-------- Records provided --------

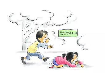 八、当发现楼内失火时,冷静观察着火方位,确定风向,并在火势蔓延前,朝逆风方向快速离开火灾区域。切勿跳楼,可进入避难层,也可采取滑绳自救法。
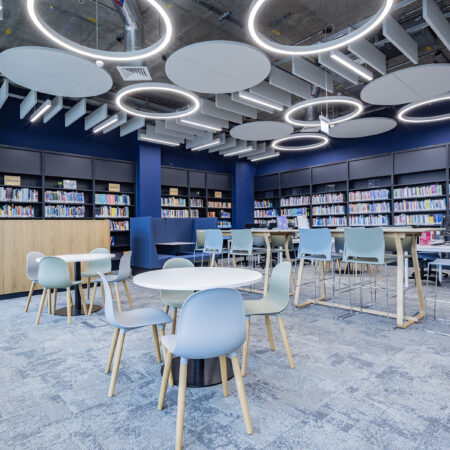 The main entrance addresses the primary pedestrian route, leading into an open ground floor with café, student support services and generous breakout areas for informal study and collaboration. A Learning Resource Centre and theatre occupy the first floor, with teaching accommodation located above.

--------
-------- Records provided --------

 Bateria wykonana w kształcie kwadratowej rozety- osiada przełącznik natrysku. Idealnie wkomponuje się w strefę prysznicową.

--------

- **Task prompt**:
I would like the exact lines from the data above, starting with the one that holds "八、当发现楼内失火时,冷静观" and going on through the one that holds "The main entrance", without the pictures.

- **Written reply**:
 八、当发现楼内失火时,冷静观察着火方位,确定风向,并在火势蔓延前,朝逆风方向快速离开火灾区域。切勿跳楼,可进入避难层,也可采取滑绳自救法。
 The main entrance addresses the primary pedestrian route, leading into an open ground floor with café, student support services and generous breakout areas for informal study and collaboration. A Learning Resource Centre and theatre occupy the first floor, with teaching accommodation located above.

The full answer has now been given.